These tools will no longer be maintained as of December 31, 2024. Archived website can be found here. PubMed4Hh GitHub repository can be found here. Contact NLM Customer Service if you have questions.


PUBMED FOR HANDHELDS

Search MEDLINE/PubMed


  • Title: Surveillance of multidrug resistant organisms in tertiary care hospital in Delhi, India.
    Author: Wattal C, Goel N, Oberoi JK, Raveendran R, Datta S, Prasad KJ.
    Journal: J Assoc Physicians India; 2010 Dec; 58 Suppl():32-6. PubMed ID: 21563611.
    Abstract:
    Surveillance of multi drug resistant organisms in a health care setting is a necessity to have optimum treatment out come and less of treatment failures. Once any health care setting gets colonized with multi drug resistant organisms, it is very difficult to decontaminate the environment. On review of our data, for 12 months of year 2008 the prevalence of difficult to treat organisms with poor clinical outcome especially in ICUs have been identified. The need for surveillance, prescription auditing & computer assisted retrieval of data has been emphasized and discussed in detail with respect to various high quality samples like blood, urine, respiratory, pus and sterile body fluids.
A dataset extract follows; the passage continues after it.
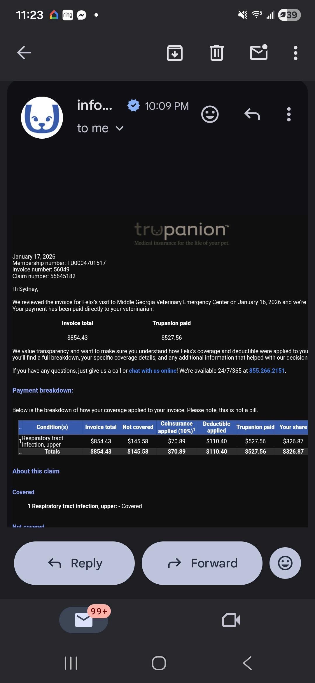 firsthand A recent emergency visit for my cat totaled $854.43. Because I had pet insurance, $527.56 was covered, leaving me to pay $376 out of pocket far more affordable than the full $854 43

The prevalence of MRSA & VRE has been documented 30 to 40% and 10%, respectively. Over all prevalence of penicillin intermediate resistant Streptococcus pneumoniae was found to be 9.52%. ESBL, AmpC, and Carbapenemase producing organisms were found to be 40 to 60%, 70 to 80% & 2 to 80% respectively in various multi drug resistant organisms like E. coli, Klebsiella spp., Pseudomonas spp. and Acinetobacter spp. 8% Pseudomonas spp. were found to be resistant to colistin in ICU samples. Enteric organisms were found to have high level ciprofloxacin resistant in 21.6% isolates, while S. paratyphi A isolation increased over a period of time. Yeast fungi isolated from blood predominantly were non-candida albicans (84.8%).